Собрание сочинений в пяти томах. Том 2. Судья и его палач. Подозрение. Авария. Обещание. Переворот
Шрифт:
— Нет ли, помимо фотографии Нэле из «Лайфа», других его снимков? — спросил Хунгертобель.
— Три снимка гамбургской уголовной полиции, — ответил комиссар, вынул их из конверта и протянул приятелю. — Они сделаны с трупа.
— Тут тоже мало что видно, — разочарованно проговорил некоторое время спустя Хунгертобель. Голос его дрожал. — Ну да, они очень похожи, и я могу себе представить, что мертвый Эмменбергер выглядел бы так же.
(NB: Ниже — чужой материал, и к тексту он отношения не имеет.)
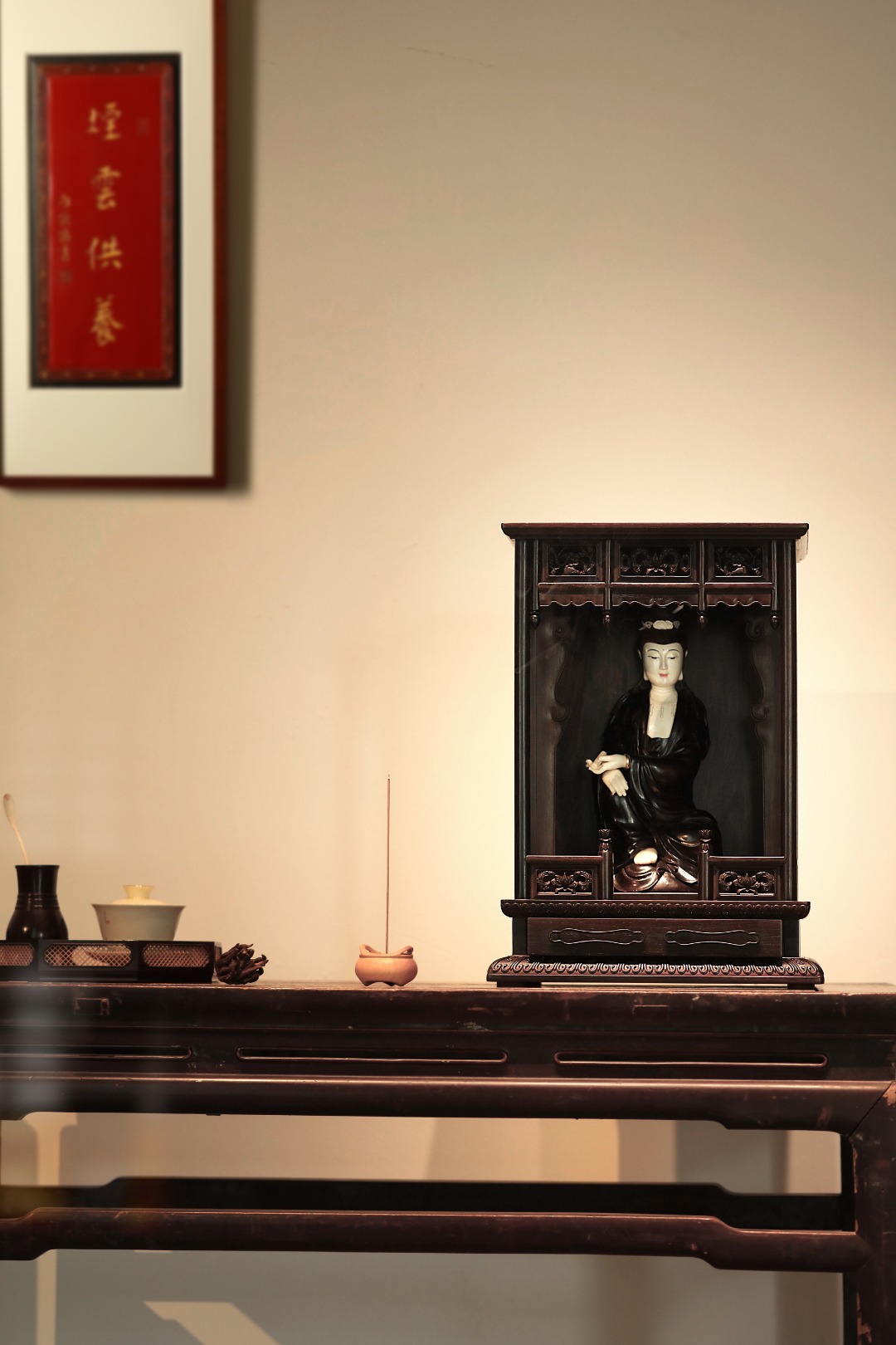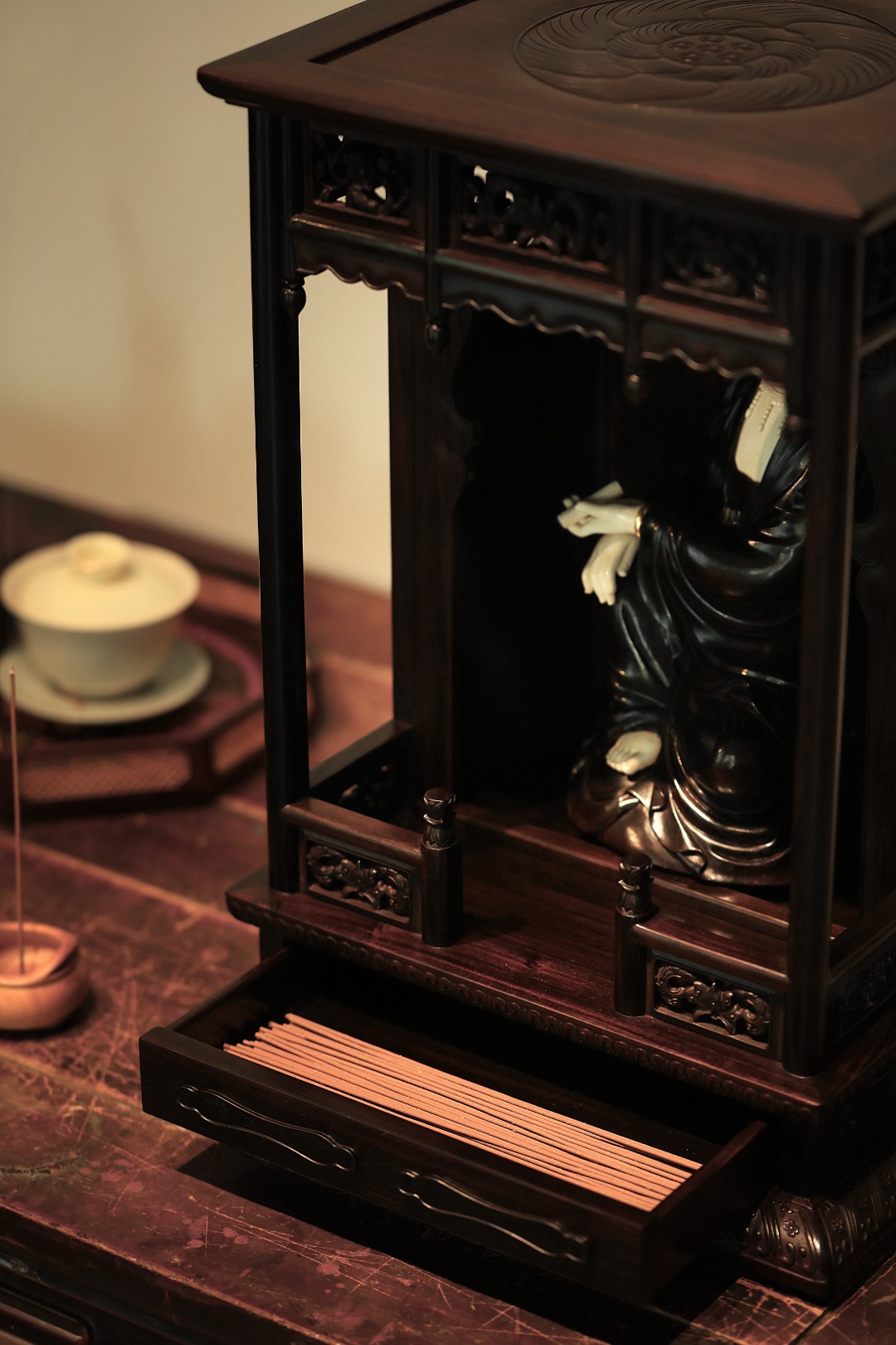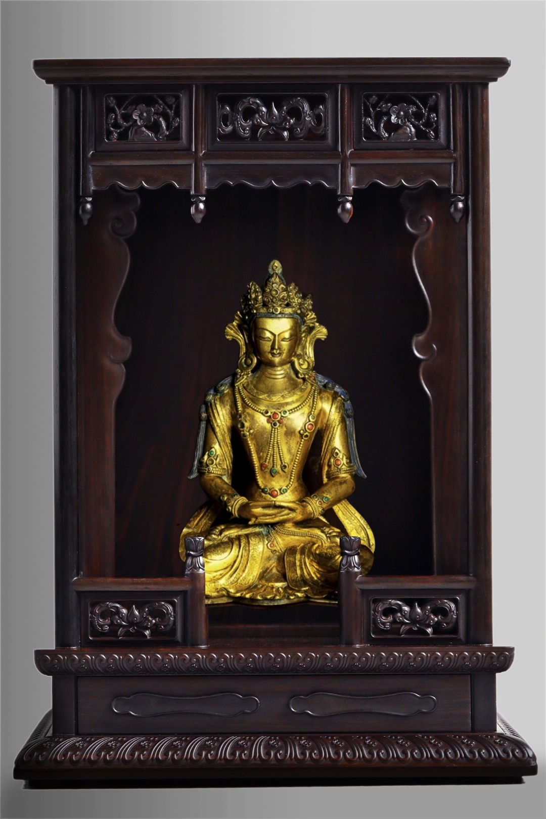 佛龛是专用供奉佛像、神位之所,一般为木制,也有少量石质者。最早以岩崖凿成洞窟以安置佛像,后来逐渐演化为室内以木材制作,其结构也由最初的洞窟演化为寺庙等传统建筑式样,造型较小,将佛像置于其内焚香供奉。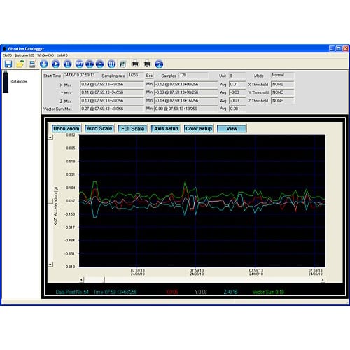 Registrador de datos con análisis FFT / mide aceleración en los ejes / rango de medición ±16 g / rango de frecuencia de 0 a 60 Hz / incluye soporte para pared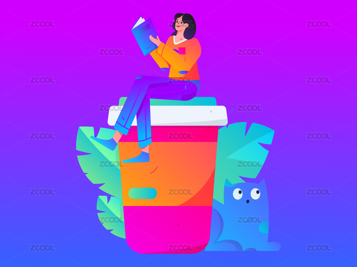 阅读女孩, 矢量扁平人物场景创意概念插画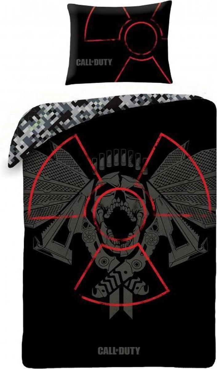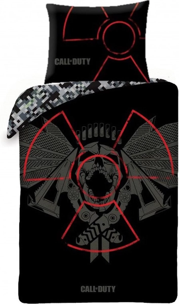 Call of Duty Dekbedovertrek Nuclear. Game liefhebbers opgelet; dit dekbed is een echte must-have! Dit dekbedovertrek heeft een coole Call of Duty afbeelding: de befaamde Nuclear streak! Als je genoeg aantal punten haalt, is de game direct over. Heb jij er al eens eentje gehaald? Het contrasterende dessin op de achterkant geeft het geheel een gaaf effect en is daardoor eventueel dubbelzijdig te gebruiken. Het overtrek is gemaakt van 100% katoen met een extra groot kussensloop. Een fantastisch cadeau voor elke fan van Call of Duty!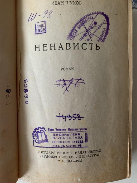 Книга довоенная "Ненависть" Иван Шухов ГосЛитИздат 1935 г.

А как Нэле покончил с собой?
Старик задумчиво и как бы испытующе посмотрел на врача, который с потерянным видом сидел в своем белом халате на его постели и, казалось, забыл обо всем: и о его, Берлаха, опьянении, и об остальных пациентах.
— С помощью синильной кислоты, — ответил наконец комиссар. — Как и большинство нацистов.
— То есть?
— Раскусил капсулу и проглотил содержимое.
— На голодный желудок?
— Таковы данные следствия.
— Это действует мгновенно, — сказал Хунгертобель, — а судя по снимкам, похоже, что перед смертью Нэле увидел что-то страшное.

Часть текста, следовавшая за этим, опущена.